At around 18h00 of the same day, the sons returned to the hospital, where they found their father, still breathing, lying in the spot where he had been stabbed. He was covered in blood. The doctors had also fled the hospital as a result of threats.

A passer-by next to the headman was screaming about the lack of humanity of the authors of such an atrocity.

The sons lifted up their father between them and took him back into the hospital. After about an hour, one of the doctors came back, and treated the injured man’s wounds.

Early the next morning, on November 10, the soba woke up and asked his son António to get a pen and some paper to record the incident.

He asked for the names of the members of the delegation to the Congo to be recorded. He also dictated the names of all the attackers he recognised. He explained the order given by the first secretary of the MPLA to the family of Alone Masseca, to dispose of the soba as they saw fit. He told about the presence of the commander in the jango, and the role he played in this arbitrary conviction.

At around 18h00 on the same day, Soba Chimbidi died.

Witchcraft, not Murder
In court, both the secretary of the MPLA and the police commander confirmed the narrative about the accusations of witchcraft, the procedures followed and their consequences. They denied any moral responsibility for the brutal killing of the soba. They both stated that they had left the jango before the soba was beaten.

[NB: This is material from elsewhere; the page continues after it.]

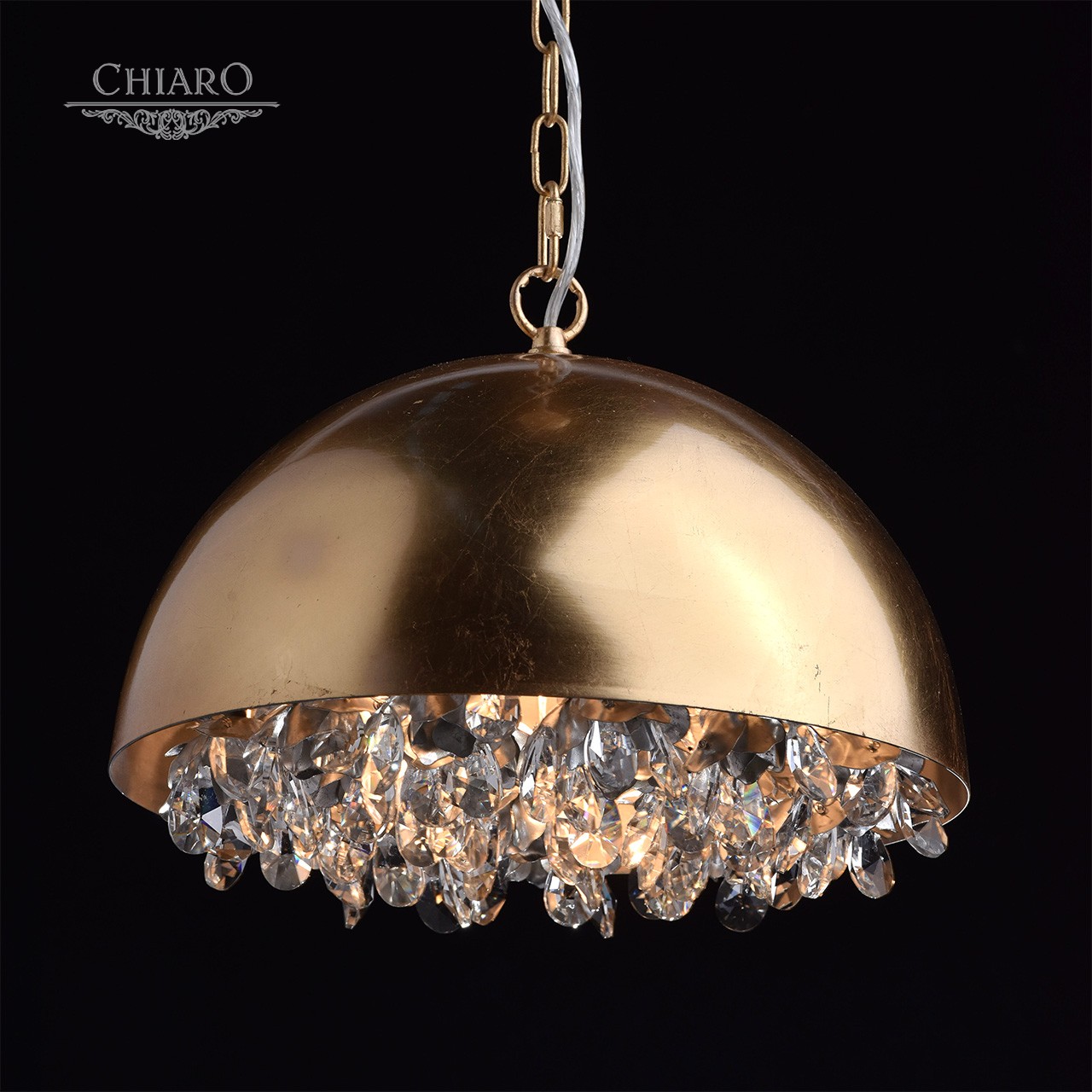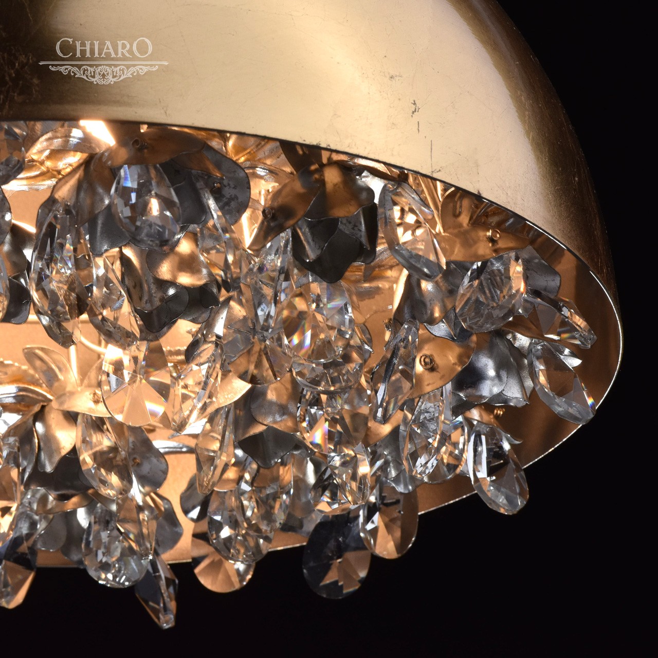Корпус светильника выполнен из металлического сплава и обработан по технологии поталь. Технология нанесения потали идентична технологии работы с сусальным золотом и с сусальным серебром. Корпус светильника покрыт золотой поталью. Изнутри, светильник декорирован подвесками из высококачественного хрусталя и цветами, выполненными из сплава металла и покрытыми серебряной поталью.Тип помещения

Maka Angola found out from an official source that the provincial governor of Moxico and provincial first secretary of the MPLA, João Ernesto dos Santos “Liberdade”, took it upon himself personally to provide legal assistance to his subordinate Alberto Tchinongue Catolo. The high-flying law firm Paula Godinho & Associados represented the defendant, while the Associação Mãos Livres, a public interest legal practice, worked pro bono for the family of the soba.

Judge Pereira da Silva showed great courage and capability in the performance of his duties, by taking the case to trial, in spite of adverse pressure.

Initially, preparatory instruction assigned a false identification number to the case file delivered to the family, so that they would try to obtain information about a non-existent investigation. Local activists took it upon themselves to denounce this manoeuvre, which is fast becoming common practice as a means of ensuring that inconvenient cases never see the light of day.

Attorney Zola Bambi, from Associação Mãos Livres, stated that, regarding the sentence, “the most  important was to transmit to society, in Moxico, that there are laws to be upheld. People cannot take justice into their own hands.”

For the lawyer, “it was a great trial against obscurantism and ignorance.”

In Moxico, accusations of witchcraft and death sentences by lynching or poisoning are engrained in local society, up to and including the highest levels of the provincial government.

The convictions represented a breakthrough on the political cover-up of these acts by the local administration. Such acts have enshrined in Moxico a Medieval-style system of justice and political engagement.